## Information shown

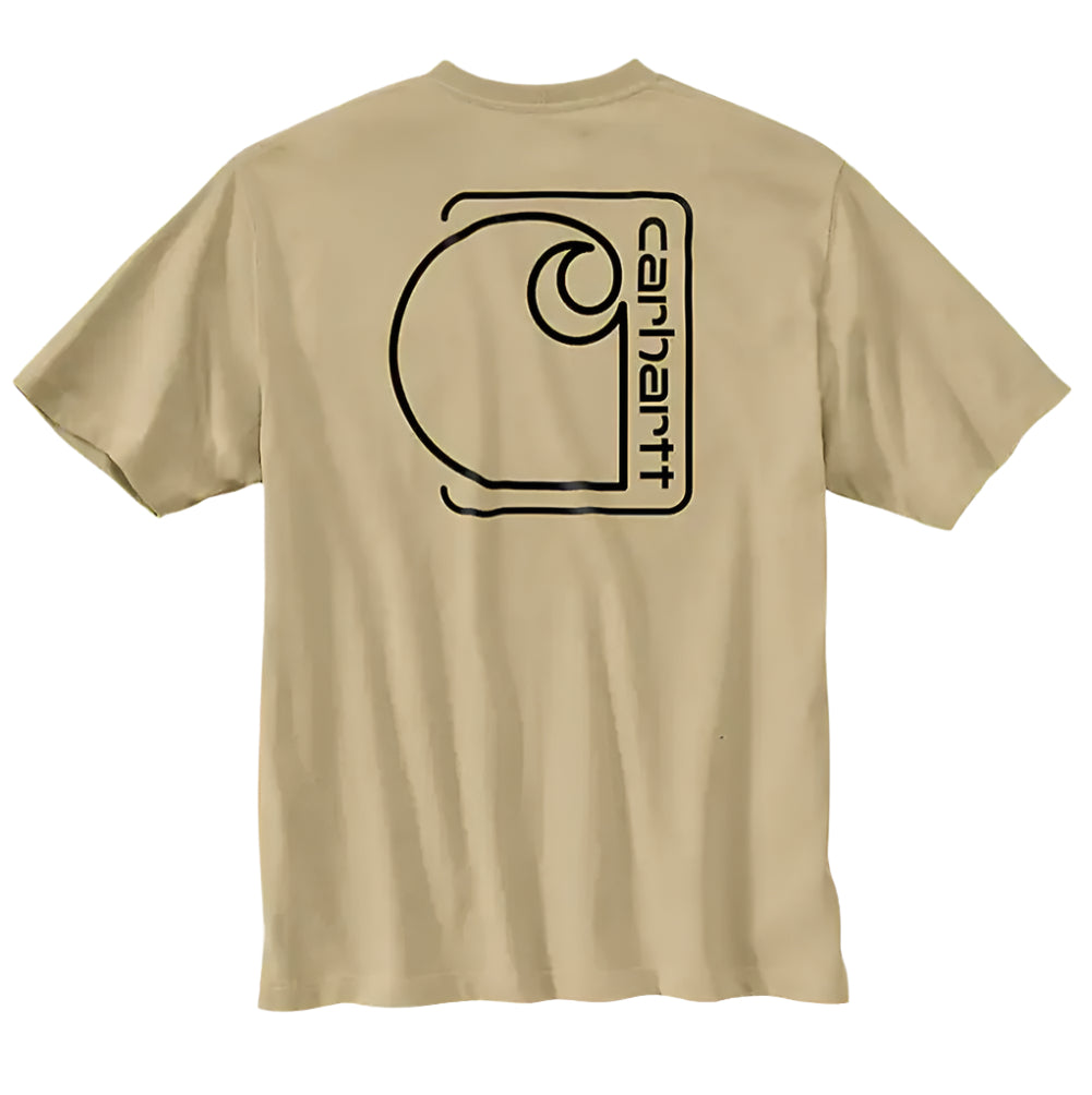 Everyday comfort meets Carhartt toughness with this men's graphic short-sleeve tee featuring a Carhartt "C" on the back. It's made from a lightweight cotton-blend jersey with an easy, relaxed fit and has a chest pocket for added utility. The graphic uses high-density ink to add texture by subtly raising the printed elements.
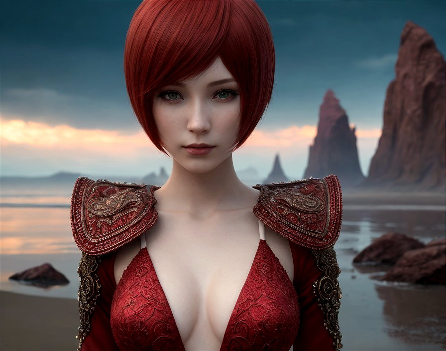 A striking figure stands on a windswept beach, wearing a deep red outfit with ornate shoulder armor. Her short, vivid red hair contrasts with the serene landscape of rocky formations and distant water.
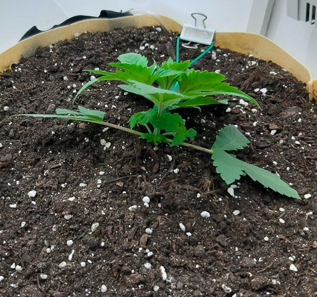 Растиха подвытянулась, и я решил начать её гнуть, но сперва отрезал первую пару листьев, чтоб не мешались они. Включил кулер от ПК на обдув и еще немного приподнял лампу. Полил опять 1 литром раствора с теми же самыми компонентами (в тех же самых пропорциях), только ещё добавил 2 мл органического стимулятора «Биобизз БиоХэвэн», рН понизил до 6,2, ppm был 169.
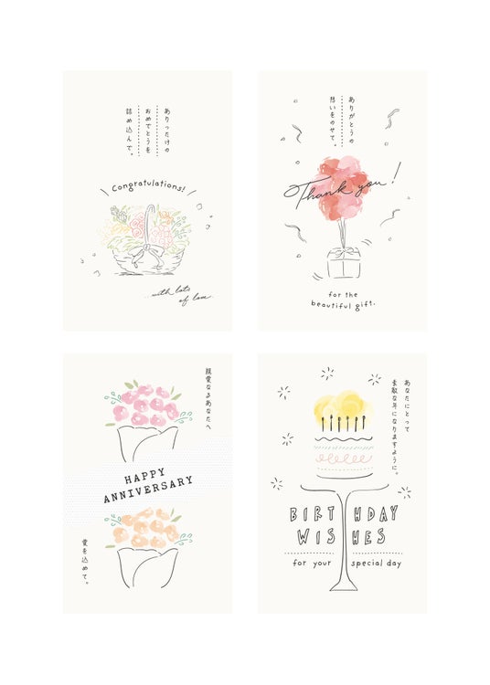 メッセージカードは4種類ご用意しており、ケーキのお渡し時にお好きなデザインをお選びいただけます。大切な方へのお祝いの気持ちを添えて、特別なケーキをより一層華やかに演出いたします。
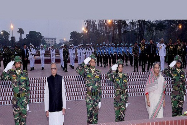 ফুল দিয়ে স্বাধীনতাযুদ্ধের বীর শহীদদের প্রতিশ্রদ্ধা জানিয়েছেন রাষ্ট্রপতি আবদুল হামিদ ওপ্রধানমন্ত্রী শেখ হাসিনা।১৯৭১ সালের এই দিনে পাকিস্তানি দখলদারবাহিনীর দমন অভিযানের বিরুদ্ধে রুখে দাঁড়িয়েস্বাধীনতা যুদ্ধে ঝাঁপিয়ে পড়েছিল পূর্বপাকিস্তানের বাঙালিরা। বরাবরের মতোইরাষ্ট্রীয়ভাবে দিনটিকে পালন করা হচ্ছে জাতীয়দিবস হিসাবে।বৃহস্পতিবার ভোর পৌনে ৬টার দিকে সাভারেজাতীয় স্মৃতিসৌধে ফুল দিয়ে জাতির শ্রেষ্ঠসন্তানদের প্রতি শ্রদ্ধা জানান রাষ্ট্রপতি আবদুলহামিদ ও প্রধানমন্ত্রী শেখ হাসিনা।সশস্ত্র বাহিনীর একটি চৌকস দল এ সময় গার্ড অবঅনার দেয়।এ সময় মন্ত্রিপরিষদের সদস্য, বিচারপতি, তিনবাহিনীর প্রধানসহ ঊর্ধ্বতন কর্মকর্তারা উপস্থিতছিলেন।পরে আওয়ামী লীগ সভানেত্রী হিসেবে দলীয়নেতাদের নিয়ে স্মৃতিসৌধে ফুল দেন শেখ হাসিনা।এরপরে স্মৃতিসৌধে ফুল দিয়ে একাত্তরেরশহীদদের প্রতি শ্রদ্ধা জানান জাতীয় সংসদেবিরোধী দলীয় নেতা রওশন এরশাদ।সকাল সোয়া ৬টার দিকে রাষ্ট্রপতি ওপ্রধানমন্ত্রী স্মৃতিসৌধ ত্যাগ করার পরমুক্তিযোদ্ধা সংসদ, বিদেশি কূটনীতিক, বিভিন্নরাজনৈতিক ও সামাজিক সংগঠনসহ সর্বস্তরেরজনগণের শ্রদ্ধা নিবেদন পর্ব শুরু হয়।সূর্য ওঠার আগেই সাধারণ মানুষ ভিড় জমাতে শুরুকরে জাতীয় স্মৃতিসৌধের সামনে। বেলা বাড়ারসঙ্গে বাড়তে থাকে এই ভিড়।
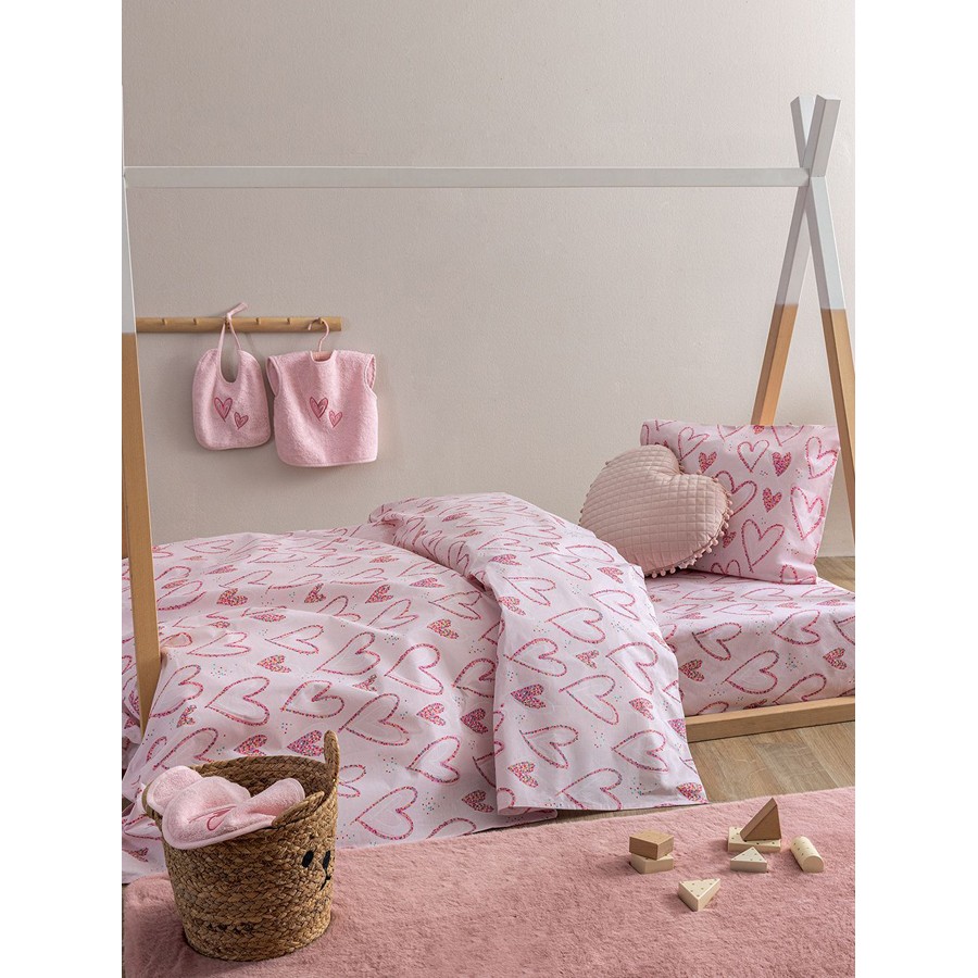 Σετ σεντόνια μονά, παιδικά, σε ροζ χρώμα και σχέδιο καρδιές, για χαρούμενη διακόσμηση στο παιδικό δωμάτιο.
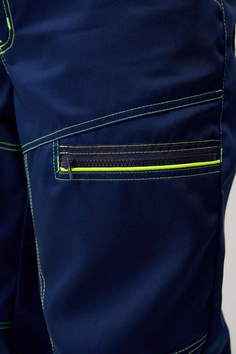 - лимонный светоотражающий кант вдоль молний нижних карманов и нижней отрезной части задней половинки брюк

## Exercise aim
Every line of the records above should be copied exactly, while the pictures are left behind.

## Solution
 Everyday comfort meets Carhartt toughness with this men's graphic short-sleeve tee featuring a Carhartt "C" on the back. It's made from a lightweight cotton-blend jersey with an easy, relaxed fit and has a chest pocket for added utility. The graphic uses high-density ink to add texture by subtly raising the printed elements.
 A striking figure stands on a windswept beach, wearing a deep red outfit with ornate shoulder armor. Her short, vivid red hair contrasts with the serene landscape of rocky formations and distant water.
 Растиха подвытянулась, и я решил начать её гнуть, но сперва отрезал первую пару листьев, чтоб не мешались они. Включил кулер от ПК на обдув и еще немного приподнял лампу. Полил опять 1 литром раствора с теми же самыми компонентами (в тех же самых пропорциях), только ещё добавил 2 мл органического стимулятора «Биобизз БиоХэвэн», рН понизил до 6,2, ppm был 169.
 メッセージカードは4種類ご用意しており、ケーキのお渡し時にお好きなデザインをお選びいただけます。大切な方へのお祝いの気持ちを添えて、特別なケーキをより一層華やかに演出いたします。
 ফুল দিয়ে স্বাধীনতাযুদ্ধের বীর শহীদদের প্রতিশ্রদ্ধা জানিয়েছেন রাষ্ট্রপতি আবদুল হামিদ ওপ্রধানমন্ত্রী শেখ হাসিনা।১৯৭১ সালের এই দিনে পাকিস্তানি দখলদারবাহিনীর দমন অভিযানের বিরুদ্ধে রুখে দাঁড়িয়েস্বাধীনতা যুদ্ধে ঝাঁপিয়ে পড়েছিল পূর্বপাকিস্তানের বাঙালিরা। বরাবরের মতোইরাষ্ট্রীয়ভাবে দিনটিকে পালন করা হচ্ছে জাতীয়দিবস হিসাবে।বৃহস্পতিবার ভোর পৌনে ৬টার দিকে সাভারেজাতীয় স্মৃতিসৌধে ফুল দিয়ে জাতির শ্রেষ্ঠসন্তানদের প্রতি শ্রদ্ধা জানান রাষ্ট্রপতি আবদুলহামিদ ও প্রধানমন্ত্রী শেখ হাসিনা।সশস্ত্র বাহিনীর একটি চৌকস দল এ সময় গার্ড অবঅনার দেয়।এ সময় মন্ত্রিপরিষদের সদস্য, বিচারপতি, তিনবাহিনীর প্রধানসহ ঊর্ধ্বতন কর্মকর্তারা উপস্থিতছিলেন।পরে আওয়ামী লীগ সভানেত্রী হিসেবে দলীয়নেতাদের নিয়ে স্মৃতিসৌধে ফুল দেন শেখ হাসিনা।এরপরে স্মৃতিসৌধে ফুল দিয়ে একাত্তরেরশহীদদের প্রতি শ্রদ্ধা জানান জাতীয় সংসদেবিরোধী দলীয় নেতা রওশন এরশাদ।সকাল সোয়া ৬টার দিকে রাষ্ট্রপতি ওপ্রধানমন্ত্রী স্মৃতিসৌধ ত্যাগ করার পরমুক্তিযোদ্ধা সংসদ, বিদেশি কূটনীতিক, বিভিন্নরাজনৈতিক ও সামাজিক সংগঠনসহ সর্বস্তরেরজনগণের শ্রদ্ধা নিবেদন পর্ব শুরু হয়।সূর্য ওঠার আগেই সাধারণ মানুষ ভিড় জমাতে শুরুকরে জাতীয় স্মৃতিসৌধের সামনে। বেলা বাড়ারসঙ্গে বাড়তে থাকে এই ভিড়।
 Σετ σεντόνια μονά, παιδικά, σε ροζ χρώμα και σχέδιο καρδιές, για χαρούμενη διακόσμηση στο παιδικό δωμάτιο.
 - лимонный светоотражающий кант вдоль молний нижних карманов и нижней отрезной части задней половинки брюк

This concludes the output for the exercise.